Some hours after the Ninth Circuit issued its Order, the Government appealed. Four days later and after briefing by the parties, the Ninth Circuit on March 4, 2020, reaffirmed its original order. The court temporarily stayed the Order to allow the Government until March 12, 2020 to seek intervention by the Supreme Court, and also limited enforcement of its injunction to border areas within the Court’s jurisdiction, that is California and Arizona.
Just what is the Migrant Protection Protocol and how does it impact asylum seekers? In January of 2019, the Department of Homeland Security (“DHS”) began implementing this new policy regarding non-Mexican asylum seekers arriving in the United States from Mexico. Denominated the “Migrant Protection Protocols” (“MPP”), the policy calls for such persons, with certain exceptions, to be “returned to Mexico for the duration of their immigration proceedings,” rather than either being detained for expedited or regular removal proceedings, or issued notices to appear for regular removal proceedings.
An illustrative case is that of a 41-year-old asylum-seeker, who “thought she would be safe and out of reach from the men in the Mexican border city of Ciudad Juárez who had tortured her for 12 days.” According to an article published in BuzzFeed, this asylum seeker was sent right back to the same city to wait until her U.S. Immigration Court case was completed. She was, however, later released with an ankle monitor.[3]
The plaintiffs in the Innovative Lab v Wolf, a collection of immigrant advocacy and civil rights organizations, do not view the Migrant Protection Protocols as protective of migrants.
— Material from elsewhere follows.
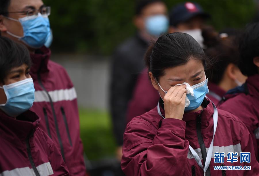 4月3日,来自陕西省榆林市第一医院的医疗队队员王晶晶(中)在送别“战友”后落泪。 当日,陕西省第一批援鄂医疗队137名队员在陕西省工人疗养院结束了为期两周的隔离休养。医疗队员与“战友”深情作别后,陆续踏上归途。 新华社记者 李一博 摄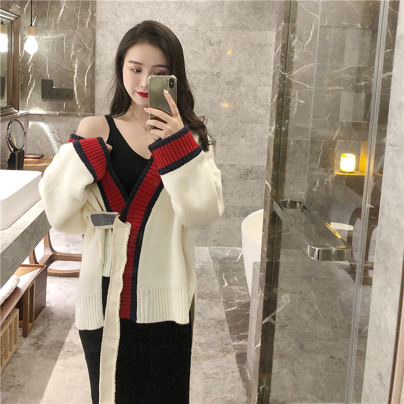 / 外套bf風慵懶毛衣開衫短款寬松針織打底針織連衣裙時尚套裝兩件套

As has been explained, “The immigrant as a threat will always have traction within the current approach, whereas any attempt to protect migrants and thereby reduce violence along the border has been met with extreme resistance,” writes Professor Jeremy Slack, Assistant Professor of Geography at the University of Texas at El Paso in his new book Deported to Death. “Around the world, the figure of the immigrant has seen resurgence as the scapegoat of choice.”
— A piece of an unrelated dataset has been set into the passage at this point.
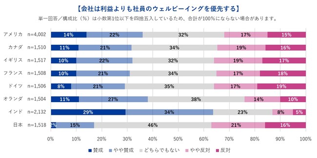 ・会社は利益よりも従業員のウェルビーイングを優先している、と感じる割合、日本は17%で8カ国中最下位。インドの63%とは約3.7倍の開き

The initial Complaint for Declaratory and Injunctive Relief was filed on February 14, 2019. In his Order Granting Motion for Preliminary Injunction, the Honorable Richard Seeborg considered only the narrow issue of whether the MPP complies with the Administrative Procedures Act (“APA”). “This case presents two basic questions: (1) does the Immigration and Naturalization Act authorize DHS to carry out the return policy of the MPP, and; (2) even assuming Congress has authorized such returns in general, does the MPP include sufficient safeguards to comply with DHS’s admitted legal obligation not to return any alien to a territory where his or her “life or freedom would be threatened? In support of their motion for a preliminary injunction, the plaintiffs have sufficiently shown the answer to both questions is ‘no.’[4] Judge Seeborg concluded that the statute DHS contends the MPP is designed to enforce does not apply to these circumstances, and even if it did, further procedural protections would be required to conform to the government’s acknowledged obligation to ensure aliens are not returned to unduly dangerous circumstances.[5]
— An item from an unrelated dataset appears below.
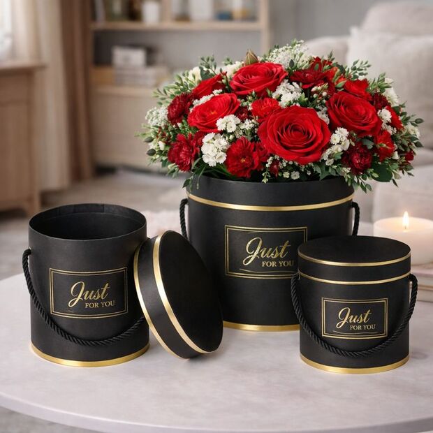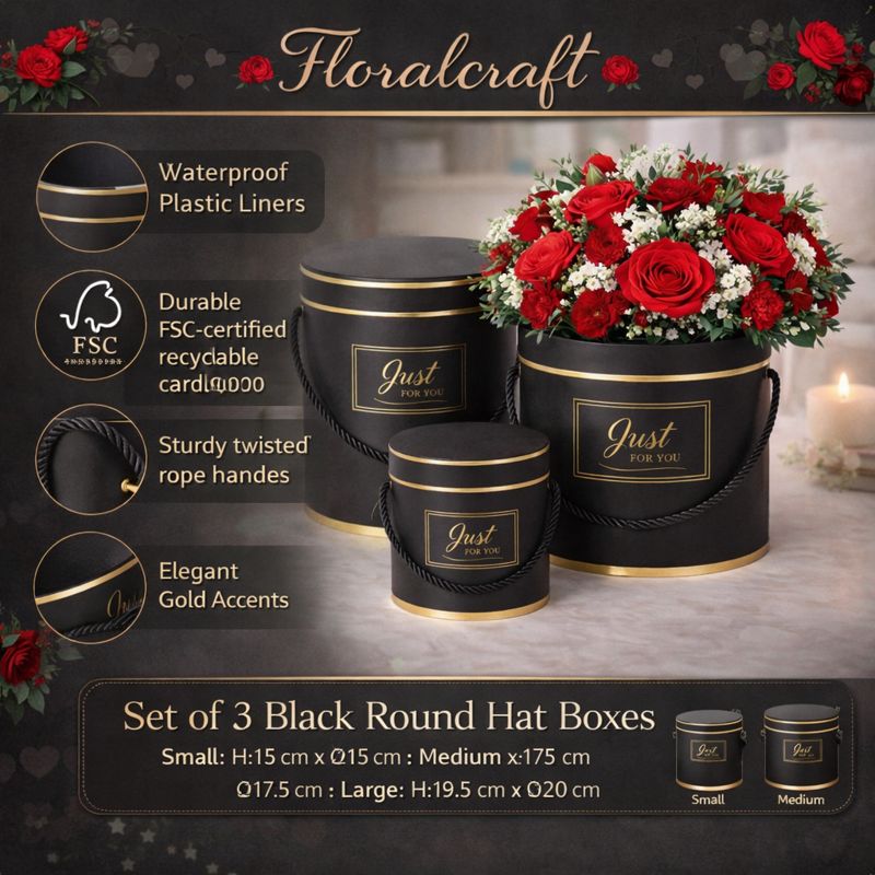 This luxury set of three round hat boxes is ideal for floristry, gifting, weddings, events, and modern home décor.

The Court noted that “the legal question is not whether the MPP is a wise, intelligent, or humane policy, or whether it is the best approach for addressing the circumstances the executive branch contends constitute a crisis. Policy decisions remain for the political branches of government to make, implement, and enforce. Rather, this injunction turns on the narrow issue of whether the MPP complies with the Administrative Procedures Act (“APA”).[6]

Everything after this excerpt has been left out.